Longsor, Akses Penghubung Dua Dusun Putus

36

PONOROGO – Alam mulai tidak ramah, bersamaan datangnya musim penghujan. jalan Desa Wagir Kidul, Pulung, dini hari kemarin (3/12) longsor. Akibatnya, akses penghubung Dusun Bangunsari dan Bresi, desa setempat, itu putus total. Beruntung, saat kejadian sekitar pukul 03.00 tidak ada pengendara yang sedang melintas.

Warga harus memutar melewati jalan Kecamatan Pudak lantaran tidak ada jalur alternatif terdekat. Pun, sekitar 230 kepala keluarga (KK) terancam terisolasi. ‘’Jalan ini satu-satunya penghubung Dusun Bangunsari dan Bresi,’’ kata Munardi, perangkat Desa Wagir Kidul.

Munardi berharap jalan tersebut segera diperbaiki. Sebab, merupakan infrastruktur vital bagi warga setempat untuk melakukan aktivitas ekonomi. ‘’Kasihan warga kalau tidak secepatnya diperbaiki,’’ ujarnya kepada Radar Ponorogo.

Kabid Kedaruratan dan Logistik BPBD Ponorogo Setyo Budiono mengatakan, longsornya jalan tersebut tidak terlepas dari tekstur tanah yang gembur.

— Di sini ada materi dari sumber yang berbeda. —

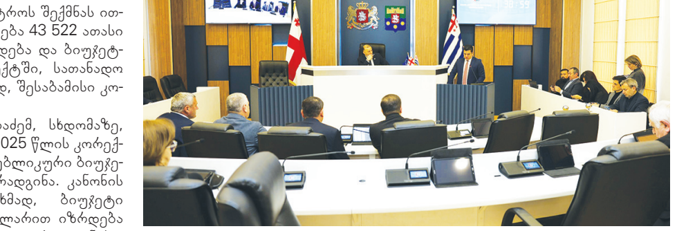
მიკის სამინისტროს ბიუჯეტი. 23%-იანი მატება აქვს კანონმდებლობისა და სოციალური დაცვის სამინისტროს - უწყების ბიუჯეტი 80 მილიონ ლარს აჭარბებს, ხოლო სოფლის მეურნეობის სამინისტროს ბიუჯეტში, რომელიც 36 მილიონ 820 ათასი ლარია, მუხლობრივი ცვლილებებია. გაზრდილია განათლებისა და სპორტის სამინისტროს ბიუჯეტი, რომელიც 117 მილიონ ლარს აჭარბებს. მომხსენებლის განცხადებით, ის მასივან.

აღნიშნეს, რომ რთული მეტეოროლოგიური პირობების მიუხედავად, ყველა სამსახური ორიენტირებულია მოსახლეობის მდგომარეობის შემსუბუქებაზე. დღის წესრიგით გათვალისწინებული საკითხები, სხდომაზე, ფინანსთა და ეკონომიკის მინისტრმა ჯაბა ფუტყარაძემ წარადგინა. კანონმდებლებმა, გამარტივებული წესით (ერთი მოსმენით), განიხილეს და მცირე ტექნიკური შენიშვნის გათვალისწინებით მიიღეს: „აჭარის ავტონომიური რესპუბლიკის მთავრობის სტრუქტურის, უფლებამოსილებისა და საქმიანობის წესის შესახებ“ და „აჭარის ავტონომიური რესპუბლიკაში განათლების ხელშეწყობის შესახებ“ კანონებში შესატანი ცვლილებების პროექტები. ჯაბა ფუტყარაძის განცხადებით, კანონპროექტები განათლების, კულტურისა და სპორტის სამინისტროს რეორგანიზაციის შედეგად, ახალი, კულტურის სამინისტროს შექმნას ითვალისწინებს. უწყება 43 522 ათასი ლარით დაფინანსდება და ბიუჯეტის კანონის პროექტში, სათანადო ჩანაწერთან ერთად, შესაბამისი კოდექსი გაჩნდა. ჯაბა ფუტყარაძემ, სხდომაზე, მესამე საკითხად 2025 წლის კორექტირებული რესპუბლიკური ბიუჯეტის პროექტი წარადგინა. კანონის პროექტის თანახმად, ბიუჯეტი 28 420, 0 ათასი ლარით იზრდება და 908 520,0 ათასი ლარით განისაზღვრება. იცვლება საბიუჯეტო ორგანიზაციების, მუნიციპალიტეტებისთვის განკუთვნილი ასიგნებების მოცულობა, ასევე, საერთო რესპუბლიკური მნიშვნელობის გადასახადებები და შემოსულობები. გაზრდილი ბიუჯეტი მხარჯავი დაწესებულებების დაფინანსების ზრდის შესაძლებლობას იძლევა: ამდენად, 4,9 %-ით იზრდება და 150 029,0 ათასი ლარია ფინანსთა და ეკონომი-

Apalagi, sebelumnya telah muncul retakan sepanjang tujuh meter di lokasi.

‘’Diguyur hujan dengan intensitas sedang selama dua jam saja akhirnya longsor,’’ tuturnya sembari menyebut keberadaan sungai yang ada di jurang tepi jalan tersebut turut menggerus tanah bagian bawah jalan.

Budi -sapaan akrab Setyo Budiono- menambahkan, usai kejadian, petugas gabungan dari polsek, koramil, dan BPBD, dibantu warga setempat gotong royong membuat tanggul darurat. ‘’Sementara diberi penyangga bambu dan  karung berisi pasir sebagai penahan,’’ jelasnya.

Sehari sebelumnya, hujan menyebabkan sebuah rumah di Desa Tulung, Sampung, roboh. Beruntung, bangunan sedang tidak berpenghuni sehingga tidak sampai memakan korban jiwa. ‘’Rumah tersebut sedang direnovasi, sementara tidak ditempati,’’ tuturnya.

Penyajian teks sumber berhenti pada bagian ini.